(I am not a reviewer, just commenting)
On Fri, 9 Feb 2018, Roger Sayle wrote:
The following patch implements a number of __builtin_popcount related
optimizations.
(i) popcount(x) == 0 can be simplified to x==0, and popcount(x) != 0 to
x!=0.
(ii) popcount(x&1) can be simplified to x&1, and for unsigned x,
popcount(x>>31) to x>>31.
(iii) popcount (x&6) + popcount(y&16) can be simplified to
popcount((x&6)|(y&16))
These may seem obscure transformations, but performing these types of
POPCOUNT operations are often the performance critical steps in some
cheminformatics applications.
To implement the above transformations I've introduced the
tree_nonzero_bits function, which is a tree-level version of rtlanal's
nonzero_bits used by the RTL optimizers.
I am wondering if this brings much, compared to just using
get_nonzero_bits (works on INTEGER_CST / SSA_NAME, matched by
with_possible_nonzero_bits). If we do decide to introduce this function,
we probably want to use it in other places that currently use
get_nonzero_bits as well...
+ case NOP_EXPR:
+ case CONVERT_EXPR:
We have CASE_CONVERT: for this pair.
+ case LSHIFT_EXPR:
+ if (TREE_CODE (TREE_OPERAND (t, 1)) == INTEGER_CST)

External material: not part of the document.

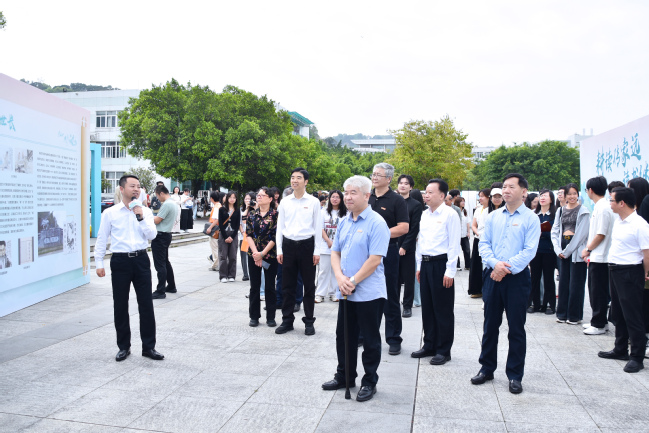 开场表演古筝齐奏《万物生》、佾舞《诗经·鹿鸣》于古典韵律中传递了天地秩序、中正和谐的儒家礼乐精神内涵。伴随着优美的韵律,校领导与师生共同步入展示区,沉浸式体验耕读文化体验项目。在耕读文化导论区,校领导听取耕读文化起源与内涵、耕读文化蕴含的儒家思想以及福建重要农业文化遗产介绍;在种业创新展示区,校领导聆听了兰花、藜麦等9个种业创新团队关于加强种质资源保护利用,攻克种源“卡脖子”技术难题,推动种业科技创新的研究进展与成效汇报;在土壤展示区,校领导近距离感受八闽土韵文化,了解我校师生服务土壤“三普”工作,推进土壤样品库数字化管理情况;在智慧农韵体验区,校领导观看了无人机、机甲大师、六足机器人、茶芽采摘机器人等智能农机装备,肯定我校师生以科技创新引领现代农业发展的担当作为;在农副产品加工技艺和福建非遗手工技艺区,校领导闻茶香、品茶韵,体验福州茉莉花茶窨制工艺、寿山石雕、软木画等福建省国家级非遗项目的精湛技艺和深厚文化底蕴,感受重要农业文化遗产在校园的传承与保护。

Maybe check INTEGRAL_TYPE_P as well, like you did for PLUS_EXPR? Or was
that also unnecessary for PLUS_EXPR?
+ return wi::neg_p (arg1)
+ ? wi::rshift (nzbits, -arg1, TYPE_SIGN (type))
+ : wi::lshift (nzbits, arg1);
I can see that fold-const.c already does something like that. I am
surprised the sanitizer guys haven't asked that we just punt on
negative values instead.
--- gcc/match.pd (revision 257227)
+++ gcc/match.pd (working copy)
@@ -4648,3 +4648,24 @@
|| wi::geu_p (wi::to_wide (@rpos),
wi::to_wide (@ipos) + isize))
(BIT_FIELD_REF @0 @rsize @rpos)))))
+
+/* POPCOUNT simplifications. */
+(for popcount (BUILT_IN_POPCOUNT BUILT_IN_POPCOUNTL BUILT_IN_POPCOUNTLL
+ BUILT_IN_POPCOUNTIMAX)
+ /* popcount(X&1) is nop_expr(X&1). */
+ (simplify
+ (popcount @0)
+ (if (tree_nonzero_bits (@0) == 1)
+ (convert @0)))
Good thing we can't call popcount on signed 1-bit types ;-)

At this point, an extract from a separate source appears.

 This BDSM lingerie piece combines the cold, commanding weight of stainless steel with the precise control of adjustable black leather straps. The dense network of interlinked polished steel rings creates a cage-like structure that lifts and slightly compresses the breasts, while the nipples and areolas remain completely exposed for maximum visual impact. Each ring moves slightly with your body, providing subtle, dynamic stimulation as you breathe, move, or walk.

+ /* popcount(X) + popcount(Y) is popcount(X|Y) when X&Y must be zero. */
+ (simplify
+ (plus (popcount @0) (popcount @1))
We probably want :s on both popcount: if they are used in other places
than just this addition, it is likely cheaper not to introduce a new call
to popcount.
+ (if (wi::bit_and (tree_nonzero_bits (@0), tree_nonzero_bits (@1)) == 0)
+ (popcount (bit_ior @0 @1))))
We'll have to be careful if we ever turn popcount into something generic,
but the current situation indeed should safely guarantee that @0 and @1
have the same type.
+ /* pocount(X) == 0 is X == 0, and related (in)equalities. */
po+p+count
+ (for cmp (le eq ne gt)
+ rep (eq eq ne ne)
+ (simplify
+ (cmp (popcount @0) zerop)
Might as well use integer_zerop when we know we are dealing with integers.
+ (rep @0 { build_zero_cst (TREE_TYPE (@0)); }))))
Nice patch :-)
--
Marc Glisse